Submitted by Ali Law Group PC on
On February 18, 2019, the New York City Commission of Human Rights announced that the New York City Human Rights Law (“NYCHRL”) will now protect against discrimination on the basis of hair. The NYCHRL generally prohibits discrimination by employers on the basis of age, alienage/citizenship, color, disability, gender, gender identity, marital/partnership status, national origin, pregnancy, race, religion, sexual orientation, and status as a veteran. Under the new law, discrimination on the basis of an individual’s natural hair or hairstyle will be considered a subset of race discrimination.
The NYC Commission on Human Rights (the “Commission”) issued guidance on race discrimination on the basis of hair and provides the following examples of practices that will now be considered a violation of NYCHRL’s anti-discrimination provisions, including:
- A grooming policy prohibiting twists, locs, braids, cornrows, Afros, Bantu knots, or fades;
- A grooming policy requiring employees to alter the state of their hair to conform to the company’s appearance standards, including having to straighten or relax hair (i.e., use chemicals or heat); or
- A grooming policy banning hair that extends a certain number of inches from the scalp, thereby limiting Afros.
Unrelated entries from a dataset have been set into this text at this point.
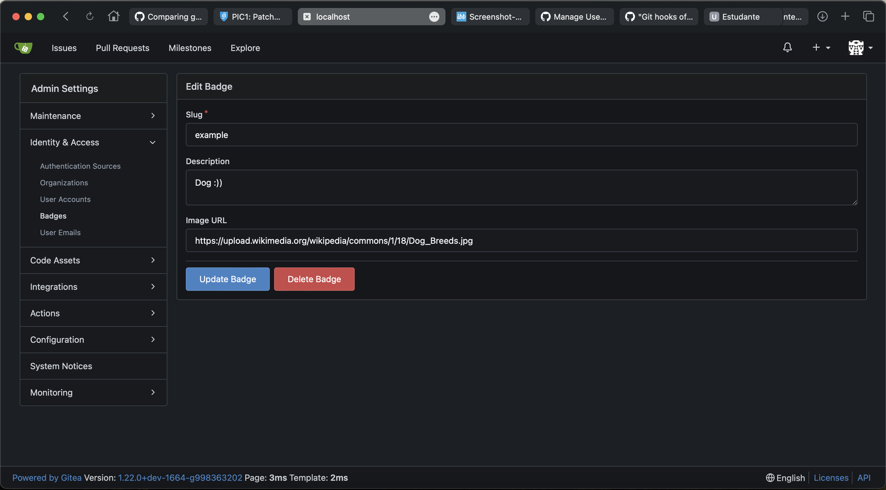 9 Added new translation phrases (en-US): search.badge_kind, form.ImageURL, form.invalid_image_url_error, form.slug_been_taken, admin.badges, admin.badges.badges_manage_panel, admin.badges.details, admin.badges.new_badge, admin.badges.slug, admin.badges.description, admin.badges.image_url, admin.badges.slug.must_fill, admin.badges.new_success, admin.badges.update_success, admin.badges.deletion_success, admin.badges.edit_badge, admin.badges.update_badge, admin.badges.delete_badge, admin.badges.delete_badge_desc
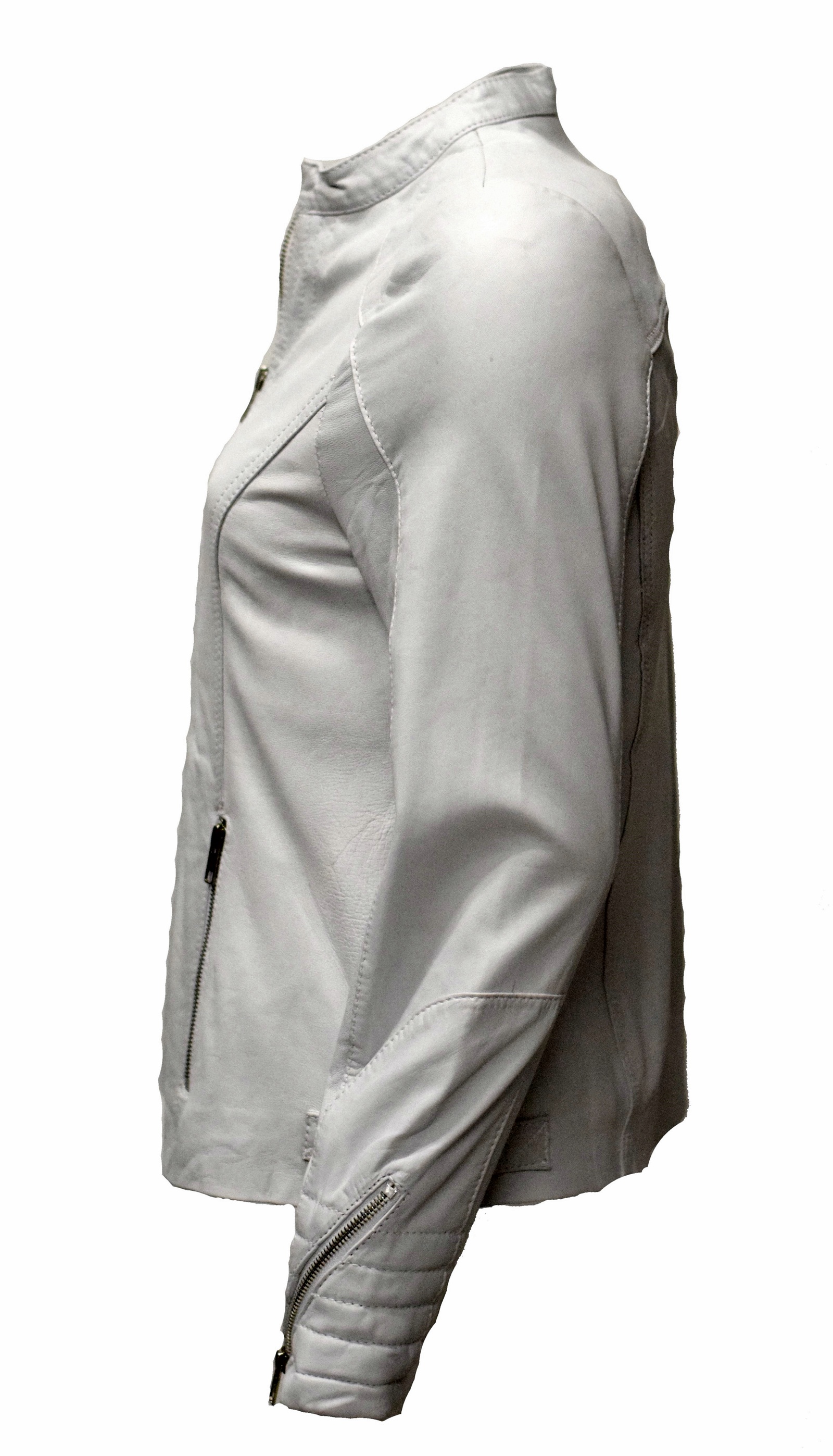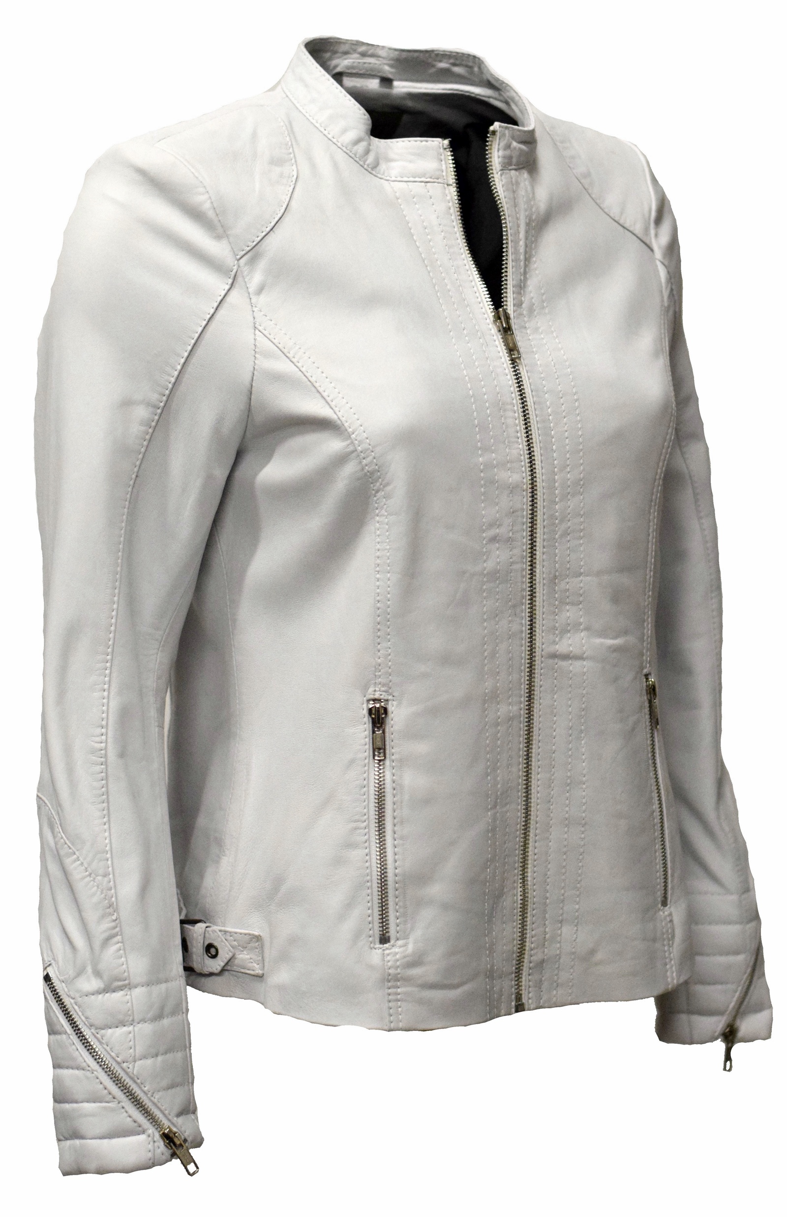 Legere Damen Lederjacke Tina aus weichem Lammnappa Leder in einem washed Weiss.
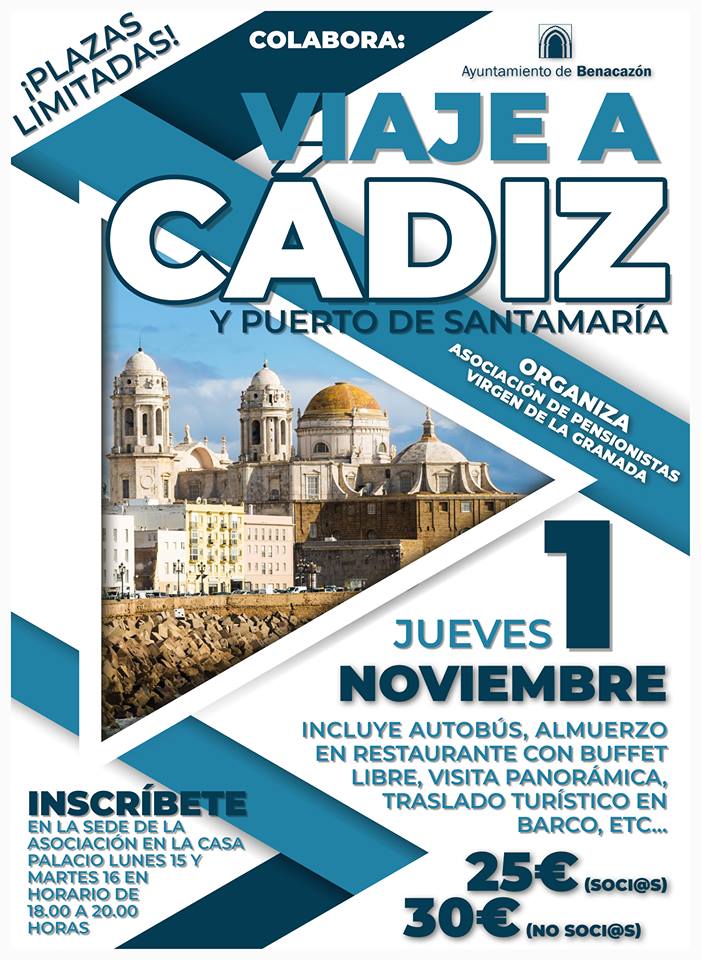 viaje a Cádiz y Puerto de Santa que tendrá lugar el jueves 1 de Noviembre de 2018. Esta visita ha
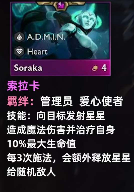 1、索拉卡是4费卡,羁绊是[管理员][爱心使者]
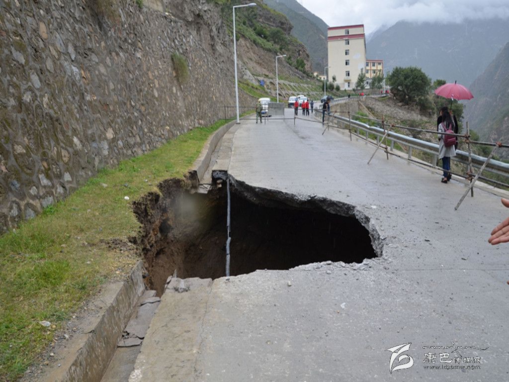 本網(wǎng)訊 (李麗瓊) 今日上午9時(shí)許,國(guó)電一名清潔工在清掃路面時(shí)發(fā)現(xiàn),康定市孔玉鄉(xiāng)阿斗溝和寸達(dá)兩村的通村路面一段發(fā)生地陷并形成深坑。得知情況后,該鄉(xiāng)政府立即組織人員到現(xiàn)場(chǎng)查看險(xiǎn)情。在現(xiàn)場(chǎng),公路水泥路面下方的路基部分下陷形成了直徑約8、9米和不可預(yù)計(jì)高度的深坑。該鄉(xiāng)立即銜接猴子巖國(guó)電公司采取警示標(biāo)牌、隔離帶的設(shè)立工作,同時(shí)與企業(yè)協(xié)商迅速開展排險(xiǎn)工作。目前,當(dāng)?shù)卣呀?jīng)介入處理,并已逐級(jí)上報(bào)相關(guān)部門。
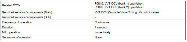 | P0010 | Open or short in OCV for intake camshaft (bank 1) circuit (1 trip detection logic) |

The Commission also noted that discrimination can come in the form of facially neutral grooming policies related to characteristics that may not necessarily be associated with a protected class but that are discriminatorily applied. For instance, an employer violates the NYCHRL when it enforces a grooming policy banning the use of color/dye, extensions, and/or patterned or shaved hairstyles against Black employees only.
The NYCHRL also prohibits covered employees from harassing, imposing unfair conditions, or otherwise discriminating against employees based on aspects of their appearance associated with their race. Examples of discrimination include:
- Forcing Black people to obtain supervisory approval prior to changing hairstyles, but not imposing the same requirement on other people.
- Requiring only Black employees to alter or cut their hair or risk losing their jobs.
- Telling a Black employee with locs that they cannot be in a customer-facing role unless they change their hairstyle.
- Refusing to hire a Black applicant with cornrows because her hairstyle does not fit the “image” the employer is trying to project for sales representatives.
- Mandating that Black employees hide their hair or hairstyle with a hat or visor.
Finally, employers may not ban, limit, or otherwise restrict natural hair or hairstyles associated with Black communities to promote a certain corporate image, because of customer preference, or under the guise of speculative health or safety concerns. An employee’s hair texture or hairstyle generally has no bearing on their ability to perform the essential functions of a job.
New York City employers should review their policies to ensure they are neutral and inclusive of ethnic and/or cultural practices related to hair.